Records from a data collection
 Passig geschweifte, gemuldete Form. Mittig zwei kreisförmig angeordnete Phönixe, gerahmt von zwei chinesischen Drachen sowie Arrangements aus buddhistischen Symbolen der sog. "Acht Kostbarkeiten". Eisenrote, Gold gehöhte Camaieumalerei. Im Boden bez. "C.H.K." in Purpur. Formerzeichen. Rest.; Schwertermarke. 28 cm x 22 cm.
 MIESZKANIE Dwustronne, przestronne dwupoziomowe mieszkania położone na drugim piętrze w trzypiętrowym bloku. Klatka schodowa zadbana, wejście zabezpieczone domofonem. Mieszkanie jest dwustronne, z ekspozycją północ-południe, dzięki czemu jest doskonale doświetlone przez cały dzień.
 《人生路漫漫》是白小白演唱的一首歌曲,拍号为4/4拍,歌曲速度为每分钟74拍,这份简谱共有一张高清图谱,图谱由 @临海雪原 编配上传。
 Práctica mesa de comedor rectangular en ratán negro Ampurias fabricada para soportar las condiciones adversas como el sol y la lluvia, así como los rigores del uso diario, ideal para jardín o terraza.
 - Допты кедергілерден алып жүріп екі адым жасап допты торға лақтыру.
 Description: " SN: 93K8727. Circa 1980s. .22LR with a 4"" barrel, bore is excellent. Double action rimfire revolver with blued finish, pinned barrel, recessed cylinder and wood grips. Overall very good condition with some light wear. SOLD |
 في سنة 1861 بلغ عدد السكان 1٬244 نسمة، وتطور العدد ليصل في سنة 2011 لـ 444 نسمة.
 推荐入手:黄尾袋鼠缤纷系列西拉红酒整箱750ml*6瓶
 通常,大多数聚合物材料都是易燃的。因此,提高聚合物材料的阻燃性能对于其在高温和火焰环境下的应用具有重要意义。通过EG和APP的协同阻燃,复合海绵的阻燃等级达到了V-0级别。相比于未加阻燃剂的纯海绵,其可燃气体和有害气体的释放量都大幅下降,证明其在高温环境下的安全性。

EXERCISE.
In full and without alteration, return every line above.

YOUR SOLUTION.
 Passig geschweifte, gemuldete Form. Mittig zwei kreisförmig angeordnete Phönixe, gerahmt von zwei chinesischen Drachen sowie Arrangements aus buddhistischen Symbolen der sog. "Acht Kostbarkeiten". Eisenrote, Gold gehöhte Camaieumalerei. Im Boden bez. "C.H.K." in Purpur. Formerzeichen. Rest.; Schwertermarke. 28 cm x 22 cm.
 MIESZKANIE Dwustronne, przestronne dwupoziomowe mieszkania położone na drugim piętrze w trzypiętrowym bloku. Klatka schodowa zadbana, wejście zabezpieczone domofonem. Mieszkanie jest dwustronne, z ekspozycją północ-południe, dzięki czemu jest doskonale doświetlone przez cały dzień.
 《人生路漫漫》是白小白演唱的一首歌曲,拍号为4/4拍,歌曲速度为每分钟74拍,这份简谱共有一张高清图谱,图谱由 @临海雪原 编配上传。
 Práctica mesa de comedor rectangular en ratán negro Ampurias fabricada para soportar las condiciones adversas como el sol y la lluvia, así como los rigores del uso diario, ideal para jardín o terraza.
 - Допты кедергілерден алып жүріп екі адым жасап допты торға лақтыру.
 Description: " SN: 93K8727. Circa 1980s. .22LR with a 4"" barrel, bore is excellent. Double action rimfire revolver with blued finish, pinned barrel, recessed cylinder and wood grips. Overall very good condition with some light wear. SOLD |
 في سنة 1861 بلغ عدد السكان 1٬244 نسمة، وتطور العدد ليصل في سنة 2011 لـ 444 نسمة.
 推荐入手:黄尾袋鼠缤纷系列西拉红酒整箱750ml*6瓶
 通常,大多数聚合物材料都是易燃的。因此,提高聚合物材料的阻燃性能对于其在高温和火焰环境下的应用具有重要意义。通过EG和APP的协同阻燃,复合海绵的阻燃等级达到了V-0级别。相比于未加阻燃剂的纯海绵,其可燃气体和有害气体的释放量都大幅下降,证明其在高温环境下的安全性。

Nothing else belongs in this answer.